Sunday, August 22, 2010

Possible topics for a Women's and Gender Studies research paper?

The class is gendered perspective on cultural issues (200 level). I can't think of anything to write the essay on. our main topics are fundamentalism, globalism and militarism (online activism is also an option). She says that there will be four foci-- racism, sexism, homophobia and economic oppression.

Possible topics for a Women's and Gender Studies research paper?
Great! Forced female circumcision in third world countries to reduce women's sexual pleasure and keep them docile.





That is a hot topic
Reply:Economic disadvantages of motherhood vs. biological imperative. The most common conflict expressed by the newest generation of adult women is the challenge of career development vs. quality child-rearing. A part of wage inequalities is due to women making the choice to spend more time with their families than with their careers, which require unhealthy / unfair / exploitive amounts of worker energies from both men and women alike, which is where the root of the problem is found.





Most women need to work. Poverty is a world-wide problem suffered mostly by women and children and severely destabilizes societies. Although the Industrial Revolution brought these cultural changes in a dominoes effect that altered the work force and women's roles, we still have not begun to address how we as individuals and as societies are supposed to raise our families now that no one's left at home and now that we do not live in extended family arrangements with older relatives to mind the children.

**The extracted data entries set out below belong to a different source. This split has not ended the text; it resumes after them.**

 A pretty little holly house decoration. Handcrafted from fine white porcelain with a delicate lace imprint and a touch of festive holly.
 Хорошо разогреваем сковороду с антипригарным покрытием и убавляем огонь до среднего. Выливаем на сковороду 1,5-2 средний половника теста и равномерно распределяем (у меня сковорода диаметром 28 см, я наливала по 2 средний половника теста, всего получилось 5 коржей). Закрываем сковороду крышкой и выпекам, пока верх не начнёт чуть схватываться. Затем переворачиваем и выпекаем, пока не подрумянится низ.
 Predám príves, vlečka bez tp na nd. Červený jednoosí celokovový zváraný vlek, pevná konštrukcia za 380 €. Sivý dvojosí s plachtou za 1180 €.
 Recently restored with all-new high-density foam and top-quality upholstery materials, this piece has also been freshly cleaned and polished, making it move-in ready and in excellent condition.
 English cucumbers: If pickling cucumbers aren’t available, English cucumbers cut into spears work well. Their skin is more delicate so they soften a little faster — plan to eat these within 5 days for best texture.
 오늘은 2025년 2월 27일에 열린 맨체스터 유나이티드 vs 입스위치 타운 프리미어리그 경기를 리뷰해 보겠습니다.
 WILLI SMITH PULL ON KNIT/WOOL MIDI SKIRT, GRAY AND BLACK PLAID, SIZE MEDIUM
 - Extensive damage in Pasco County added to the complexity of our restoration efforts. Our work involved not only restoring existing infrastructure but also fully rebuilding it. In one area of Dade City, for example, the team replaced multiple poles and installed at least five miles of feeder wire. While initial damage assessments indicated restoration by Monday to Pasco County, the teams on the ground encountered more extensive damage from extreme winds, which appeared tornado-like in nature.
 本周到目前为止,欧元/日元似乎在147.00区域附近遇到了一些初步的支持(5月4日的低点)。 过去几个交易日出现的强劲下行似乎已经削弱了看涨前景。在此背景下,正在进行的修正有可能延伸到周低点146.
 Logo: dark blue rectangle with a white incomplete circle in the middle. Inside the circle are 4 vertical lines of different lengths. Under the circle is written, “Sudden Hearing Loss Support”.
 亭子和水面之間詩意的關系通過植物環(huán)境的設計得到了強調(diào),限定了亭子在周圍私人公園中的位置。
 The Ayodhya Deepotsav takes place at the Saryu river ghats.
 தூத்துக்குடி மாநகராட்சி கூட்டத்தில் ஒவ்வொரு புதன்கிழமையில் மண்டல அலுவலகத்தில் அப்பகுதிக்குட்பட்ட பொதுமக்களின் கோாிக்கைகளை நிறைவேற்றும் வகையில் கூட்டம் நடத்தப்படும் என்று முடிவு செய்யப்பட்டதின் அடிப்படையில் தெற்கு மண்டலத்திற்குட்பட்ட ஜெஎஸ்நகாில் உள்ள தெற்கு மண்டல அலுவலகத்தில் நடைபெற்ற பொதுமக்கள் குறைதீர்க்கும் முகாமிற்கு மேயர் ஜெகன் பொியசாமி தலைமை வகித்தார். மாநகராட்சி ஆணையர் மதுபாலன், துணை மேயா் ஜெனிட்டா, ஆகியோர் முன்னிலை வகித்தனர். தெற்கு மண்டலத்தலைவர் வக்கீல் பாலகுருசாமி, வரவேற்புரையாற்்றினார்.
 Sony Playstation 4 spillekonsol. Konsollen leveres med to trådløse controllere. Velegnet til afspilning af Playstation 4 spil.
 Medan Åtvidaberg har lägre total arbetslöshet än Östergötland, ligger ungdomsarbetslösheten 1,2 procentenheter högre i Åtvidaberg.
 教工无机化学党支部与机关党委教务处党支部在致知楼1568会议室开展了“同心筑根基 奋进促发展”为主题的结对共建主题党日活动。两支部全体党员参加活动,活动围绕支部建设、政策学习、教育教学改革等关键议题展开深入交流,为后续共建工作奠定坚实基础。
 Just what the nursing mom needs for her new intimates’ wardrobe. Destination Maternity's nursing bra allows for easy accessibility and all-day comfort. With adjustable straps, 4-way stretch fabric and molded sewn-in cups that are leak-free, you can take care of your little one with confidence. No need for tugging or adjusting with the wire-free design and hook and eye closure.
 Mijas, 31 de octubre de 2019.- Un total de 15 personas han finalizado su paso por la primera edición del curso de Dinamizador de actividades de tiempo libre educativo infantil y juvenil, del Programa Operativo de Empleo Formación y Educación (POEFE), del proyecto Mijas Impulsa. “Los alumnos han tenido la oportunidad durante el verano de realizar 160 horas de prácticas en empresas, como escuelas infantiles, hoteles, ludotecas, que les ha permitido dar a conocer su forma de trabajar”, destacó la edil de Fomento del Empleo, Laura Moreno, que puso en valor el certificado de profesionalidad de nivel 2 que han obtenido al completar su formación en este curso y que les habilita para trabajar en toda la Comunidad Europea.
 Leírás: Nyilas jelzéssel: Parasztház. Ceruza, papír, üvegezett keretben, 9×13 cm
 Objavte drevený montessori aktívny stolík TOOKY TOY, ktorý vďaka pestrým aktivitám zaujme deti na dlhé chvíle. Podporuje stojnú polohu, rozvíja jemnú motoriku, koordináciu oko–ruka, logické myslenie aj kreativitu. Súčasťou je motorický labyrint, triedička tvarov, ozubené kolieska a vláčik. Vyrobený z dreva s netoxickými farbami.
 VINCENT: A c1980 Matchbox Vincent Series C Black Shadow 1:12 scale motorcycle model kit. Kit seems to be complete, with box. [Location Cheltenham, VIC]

Socially funded quality childcare, for example, should be a part of post-Industrial societies that have the reality of requiring that over 70% of mothers must work. Maternity/Paternity leave is another step in the right direction. The Israelis experimented with communal child-rearing. The Communist Chinese experimented with birth control measures. Commercial companies experimented with on-site childcare facilities which decrease workers' absenteeism and increase productivity among both female and male employees. Etc.





I personally advocate for a tax funded national program in which parents who have demonstrated adequate educational or training self-sufficiencies such that either parent can support the entire family if needed would be paid to stay home with their pre-Kindergarten children. BOTH parents. Why should the youngest and most economically weak socioeconomic group (young parents) have to bear the entire brunt of raising society's next generation of children? Wouldn't society be stronger if we helped young families to be stronger while they are raising their children? Aren't 99% percent of all human sufferings and social diseases rooted in lousy, inadequate childhoods that we could improve upon with a focus on helping young families over the enormous burdens and difficulties of getting started out in life?
Reply:"Do women hate each other?"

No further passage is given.